(Exercise prompt):
The answer should reproduce every entry exactly and contain no images.

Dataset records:
☆ ☆ ☆ ☆ ☆ ☆ ☆
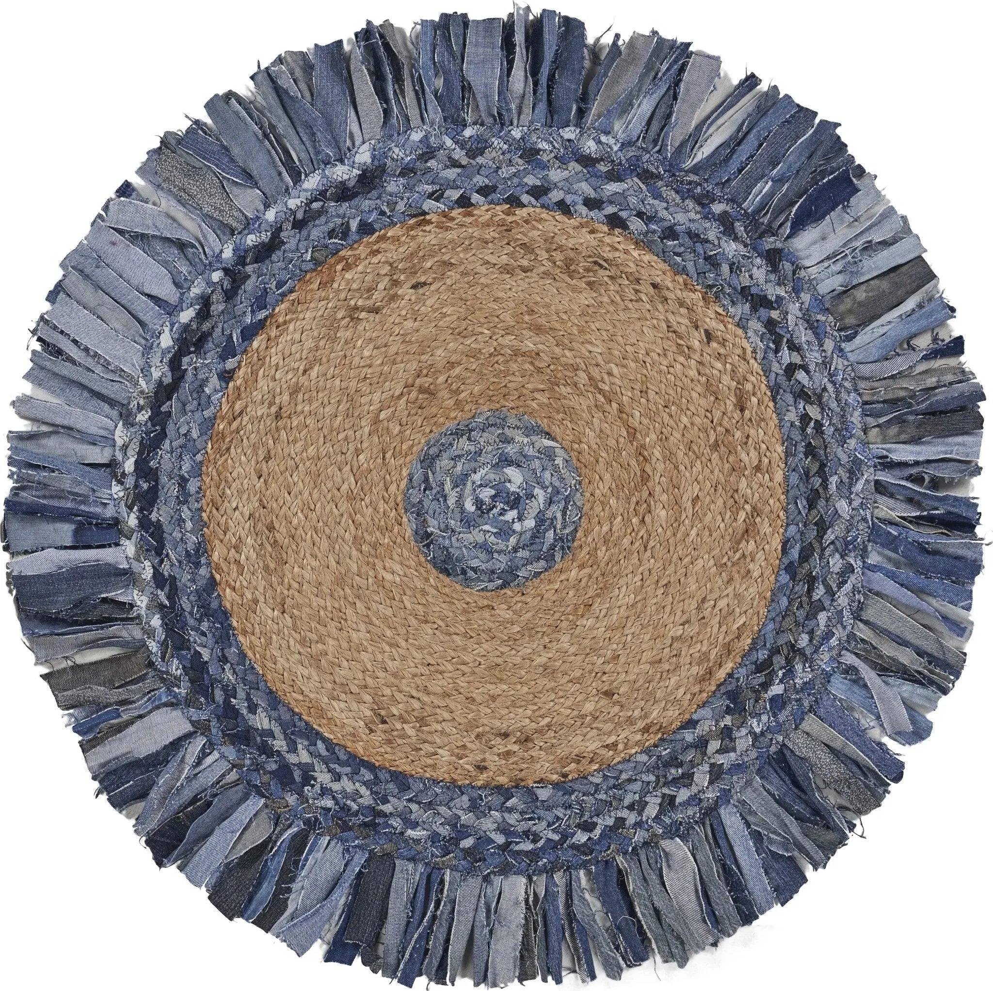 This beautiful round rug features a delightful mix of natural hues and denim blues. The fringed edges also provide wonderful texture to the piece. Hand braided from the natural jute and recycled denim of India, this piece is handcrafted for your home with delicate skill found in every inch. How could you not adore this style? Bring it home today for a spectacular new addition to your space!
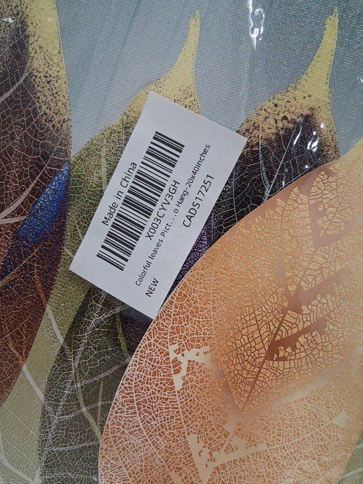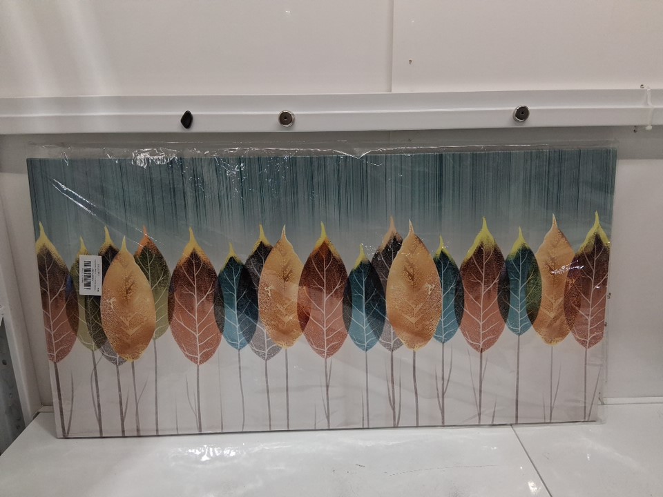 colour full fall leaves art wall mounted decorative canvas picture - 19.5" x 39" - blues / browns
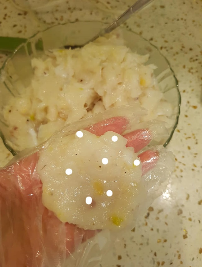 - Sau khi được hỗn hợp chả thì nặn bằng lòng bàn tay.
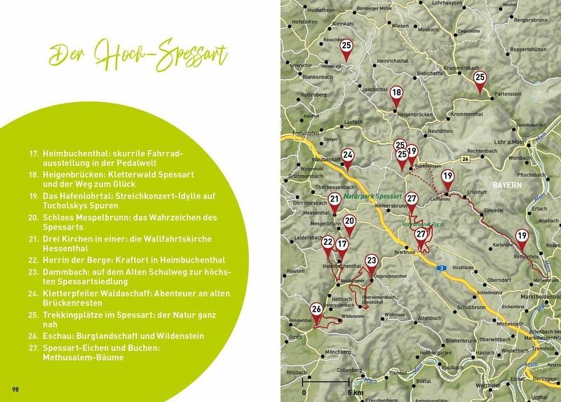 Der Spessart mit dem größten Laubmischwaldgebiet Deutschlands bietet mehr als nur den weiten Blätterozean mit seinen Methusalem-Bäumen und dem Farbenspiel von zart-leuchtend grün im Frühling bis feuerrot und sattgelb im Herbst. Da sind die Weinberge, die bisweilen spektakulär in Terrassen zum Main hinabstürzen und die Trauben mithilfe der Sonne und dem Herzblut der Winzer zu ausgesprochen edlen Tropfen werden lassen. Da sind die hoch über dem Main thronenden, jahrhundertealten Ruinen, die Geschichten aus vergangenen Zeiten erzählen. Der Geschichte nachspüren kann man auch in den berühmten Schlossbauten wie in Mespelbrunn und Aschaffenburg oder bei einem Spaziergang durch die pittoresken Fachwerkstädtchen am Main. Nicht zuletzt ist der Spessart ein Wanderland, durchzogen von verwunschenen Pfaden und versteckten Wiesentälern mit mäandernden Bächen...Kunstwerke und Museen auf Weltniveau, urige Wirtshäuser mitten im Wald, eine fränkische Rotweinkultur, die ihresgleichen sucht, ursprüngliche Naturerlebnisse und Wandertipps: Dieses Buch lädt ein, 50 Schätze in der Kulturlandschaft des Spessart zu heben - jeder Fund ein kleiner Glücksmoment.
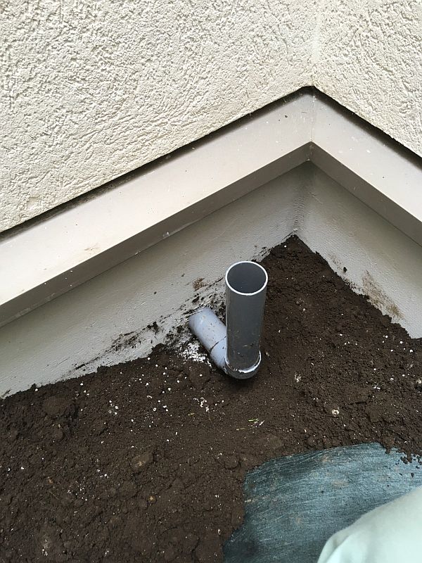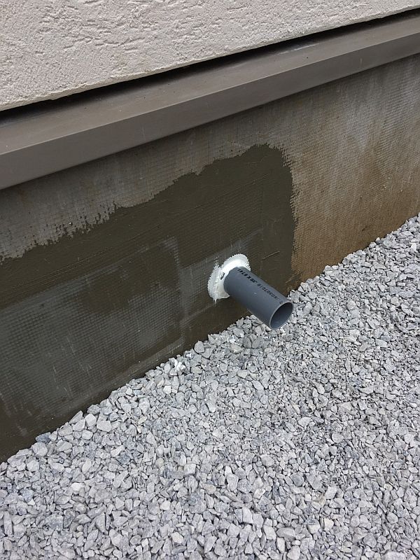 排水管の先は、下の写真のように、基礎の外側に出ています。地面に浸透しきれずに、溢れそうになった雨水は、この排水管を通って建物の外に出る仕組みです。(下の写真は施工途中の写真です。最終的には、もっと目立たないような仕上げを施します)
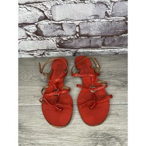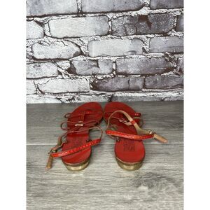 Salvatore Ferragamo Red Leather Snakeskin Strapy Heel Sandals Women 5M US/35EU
☆ ☆ ☆ ☆ ☆ ☆ ☆
(Response to this exercise):
 This beautiful round rug features a delightful mix of natural hues and denim blues. The fringed edges also provide wonderful texture to the piece. Hand braided from the natural jute and recycled denim of India, this piece is handcrafted for your home with delicate skill found in every inch. How could you not adore this style? Bring it home today for a spectacular new addition to your space!
 colour full fall leaves art wall mounted decorative canvas picture - 19.5" x 39" - blues / browns
 - Sau khi được hỗn hợp chả thì nặn bằng lòng bàn tay.
 Der Spessart mit dem größten Laubmischwaldgebiet Deutschlands bietet mehr als nur den weiten Blätterozean mit seinen Methusalem-Bäumen und dem Farbenspiel von zart-leuchtend grün im Frühling bis feuerrot und sattgelb im Herbst. Da sind die Weinberge, die bisweilen spektakulär in Terrassen zum Main hinabstürzen und die Trauben mithilfe der Sonne und dem Herzblut der Winzer zu ausgesprochen edlen Tropfen werden lassen. Da sind die hoch über dem Main thronenden, jahrhundertealten Ruinen, die Geschichten aus vergangenen Zeiten erzählen. Der Geschichte nachspüren kann man auch in den berühmten Schlossbauten wie in Mespelbrunn und Aschaffenburg oder bei einem Spaziergang durch die pittoresken Fachwerkstädtchen am Main. Nicht zuletzt ist der Spessart ein Wanderland, durchzogen von verwunschenen Pfaden und versteckten Wiesentälern mit mäandernden Bächen...Kunstwerke und Museen auf Weltniveau, urige Wirtshäuser mitten im Wald, eine fränkische Rotweinkultur, die ihresgleichen sucht, ursprüngliche Naturerlebnisse und Wandertipps: Dieses Buch lädt ein, 50 Schätze in der Kulturlandschaft des Spessart zu heben - jeder Fund ein kleiner Glücksmoment.
 排水管の先は、下の写真のように、基礎の外側に出ています。地面に浸透しきれずに、溢れそうになった雨水は、この排水管を通って建物の外に出る仕組みです。(下の写真は施工途中の写真です。最終的には、もっと目立たないような仕上げを施します)
 Salvatore Ferragamo Red Leather Snakeskin Strapy Heel Sandals Women 5M US/35EU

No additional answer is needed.